Fractured water occurs in the Permian and Triassic aquifer groups. The unit water inflow of sandstone formation is 0.0000113 ~ 0.360000 L/(s·m), and the permeability coefficient is 0.0000903 ~ 1.07 m/d. It is an aquifer with weak water abundance and medium permeability (Duan et al.2020). The fissure water hydrochemical type is HCO3·SO4-Ca·Mg (Tang et al.2000).
Karst water exists under the coal seam floor. The direct basement of the coal seam is a strong karst fissure aquifer section, which is composed of the second section of the middle Ordovician peak (O2f2), 0~75 m thick, and the main lithology is relatively single thick layered limestone. Drilling unit water inflow is 1.31~3.22 L/(s·m), the permeability coefficient is 9~15 m/d, the water-rich layer is uniform, belongs to a strong karst fissure aquifer. Hydrochemical types are mainly HCO3·SO4·Cl-Na, Ca, Mg or SO4·HCO3·Cl-Na, Mg, Ca.

Materials and Methods

A total of 18 groundwater samples were collected from the water samples collected by the research group from the Yellow River in the east, Yangshanzhuang in the west, Wangfeng in the north, and Guicun in the south. According to the sampling method, the samples were stored in white plastic bottles and numbered from D1 to D18 (Figure 1). After the collection, the groundwater samples were sealed to the laboratory for physical and chemical analysis. Analyzed indices included pH, total dissolved solids (TDS), total hardness (TH), cations (Ca2+, Mg2+, Na+, K+), and anions (HCO3-, CO32-, SO42-, Cl-, F-). The pH and EC were measured on-site, and the geographical coordinates and environmental conditions of the sampling points were recorded. The cations Na+, K+, Ca2+, and Mg2+ were determined by inductively coupled plasma emission spectrometer (ICAP6300), F-, Cl- and SO42- were determined by ion chromatography (ICS-2000), HCO3- was determined by titration.

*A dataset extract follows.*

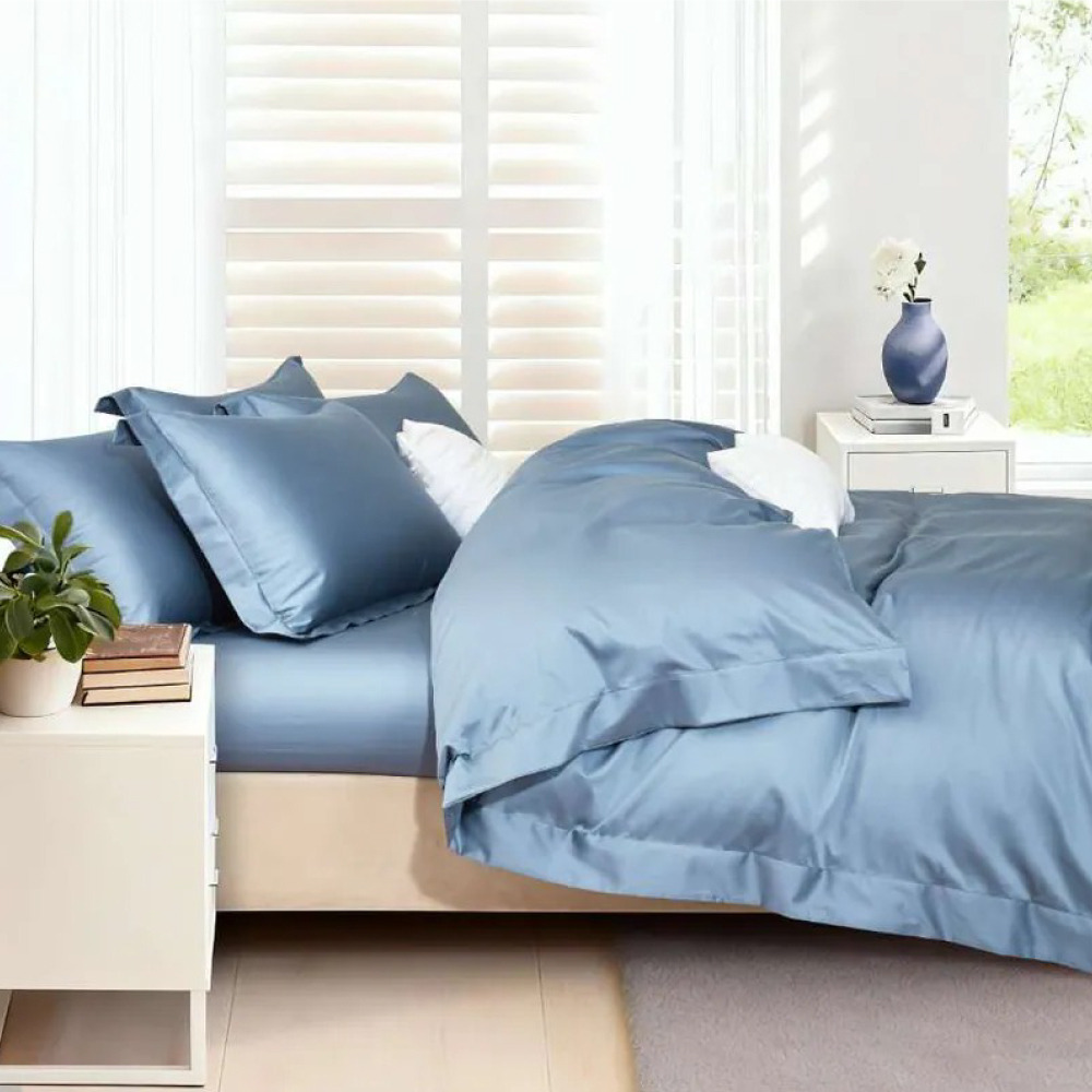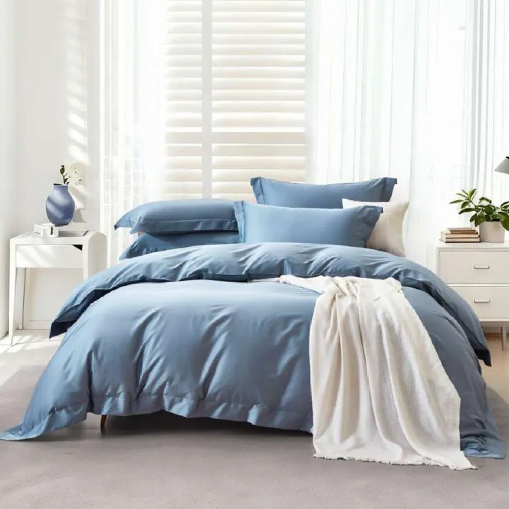 尊爵白金款|埃及長絨棉 兩用被床包組【琴調藍】長纖系列

In the sample test, the quality control uses 5% repeated samples, all repeated samples error is less than 5%.

Results and Discussion

Chemical Characteristics of Groundwater

The pH value of groundwater in the study area ranged from 6.60 to 7.99, with an average of 7.38 (Table 1).
The groundwater was neutral and weakly alkaline, which met the basic limits of groundwater quality standards and was higher than the pH value of acid mine drainage 5.88 (Tang et al. 2000; Lu et al. 2003; Duan et al. 2020). The F- of all groundwater samples is lower than 1.0 mg/L based on the classification of Chinese Standards for Drinking Water Quality (GB5749-2006). The average contents of cations K+, Na+, Ca2+, and Mg2+ in the river water around the mining area were 1.88 mg/L, 197.78 mg/L, 152.56 mg/L, and 275.11 mg/L, respectively. The overall performance was K+ < Ca2+ < Na+ < Mg2+; The average content of HCO3- was 187.75 mg/L, and the content of SO42- was between 34.58 mg/L and 207.330 mg/L. The average content of HCO3- was 359.51 mg/L, and the average content of Cl- was 44.811 mg/L. The overall performance was SO42- < Cl- < HCO3-. The main cation components in groundwater in the study area were Mg2+, Ca2+, Na+, and K+, and the anion components were HCO3-, Cl-, and SO42-. The results showed that the main cations and anions in groundwater in the study area were similar to those in the surrounding river water.
The groundwater TDS was between 242.00 mg/L and 1090.00 mg/L, with an average of 613.67 mg/L. Through the relationship map between conventional ions and TDS, it can be seen that with the runoff of the Hancheng mining area from south to north, the main ions such as calcium, magnesium, chlorine, and sulfate show an accelerated growth trend, that is, the slope of the relationship curve between ions and TDS gradually increases, which shows that the hydrodynamic conditions are poor, that is, the runoff is relatively slow. Shallow groundwater in mining area is the main drinking water source for local residents. Based on the classification of groundwater, 89% of groundwater samples are freshwater in this area (TDS<1000 mg/L). The TH value of water depends upon the total dissolved content of Ca2+ and Mg2+ (Aminiyan et al.,2020; Subba et al. 2022). The TH of groundwater in this area varies from 576.9 to 2719.9 mg/L with a mean of 1287.7 mg/L, suggesting hard water (TH>450 mg/L) based on the classification of Chinese Standards for Drinking Water Quality ( GB5749-2006). These TDS and TH values are close to those of Ordovician limestone water, indicating a similar recharge source (Tang et al. 2000; Lu et al. 2003; Xue et al. 2014).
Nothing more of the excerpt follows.